_To do_
All pictures are to be dropped, and the remaining data set down exactly.

_Provided material_
+ + +

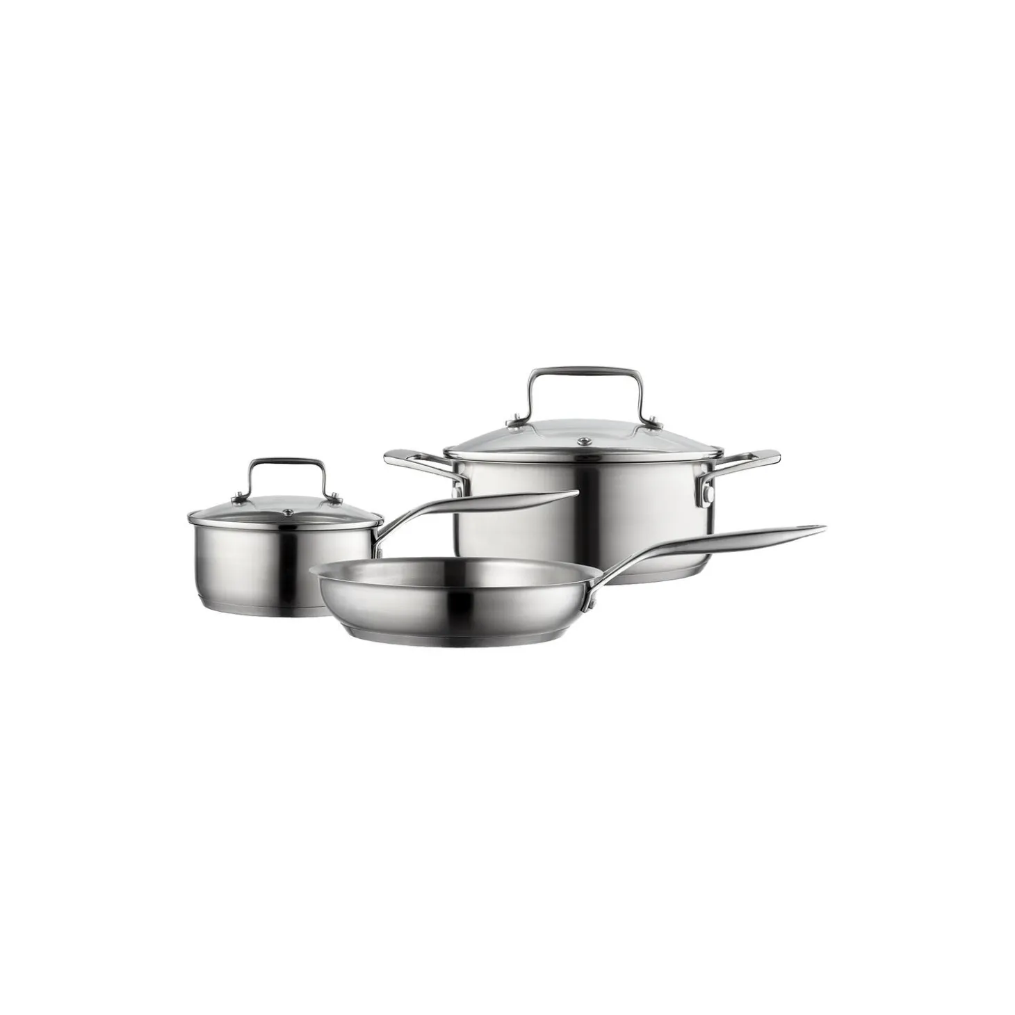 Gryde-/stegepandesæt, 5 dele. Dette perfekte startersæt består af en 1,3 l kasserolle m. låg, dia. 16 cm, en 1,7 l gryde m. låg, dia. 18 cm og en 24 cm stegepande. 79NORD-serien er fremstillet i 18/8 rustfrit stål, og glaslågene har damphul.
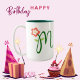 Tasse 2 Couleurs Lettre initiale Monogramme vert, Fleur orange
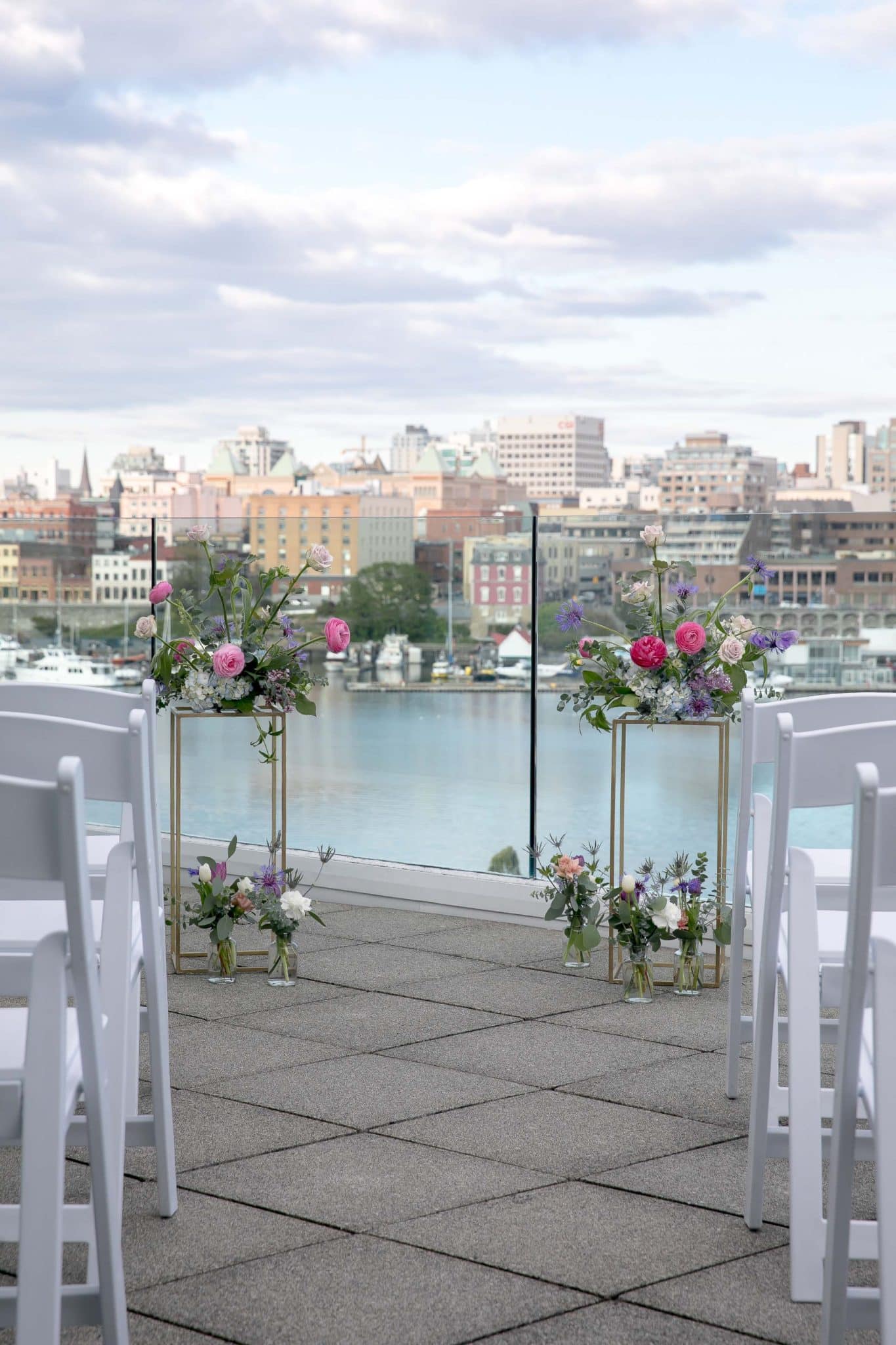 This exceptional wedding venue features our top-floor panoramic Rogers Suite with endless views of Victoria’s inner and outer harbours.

+ + +

_Problem solution_
 Gryde-/stegepandesæt, 5 dele. Dette perfekte startersæt består af en 1,3 l kasserolle m. låg, dia. 16 cm, en 1,7 l gryde m. låg, dia. 18 cm og en 24 cm stegepande. 79NORD-serien er fremstillet i 18/8 rustfrit stål, og glaslågene har damphul.
 Tasse 2 Couleurs Lettre initiale Monogramme vert, Fleur orange
 This exceptional wedding venue features our top-floor panoramic Rogers Suite with endless views of Victoria’s inner and outer harbours.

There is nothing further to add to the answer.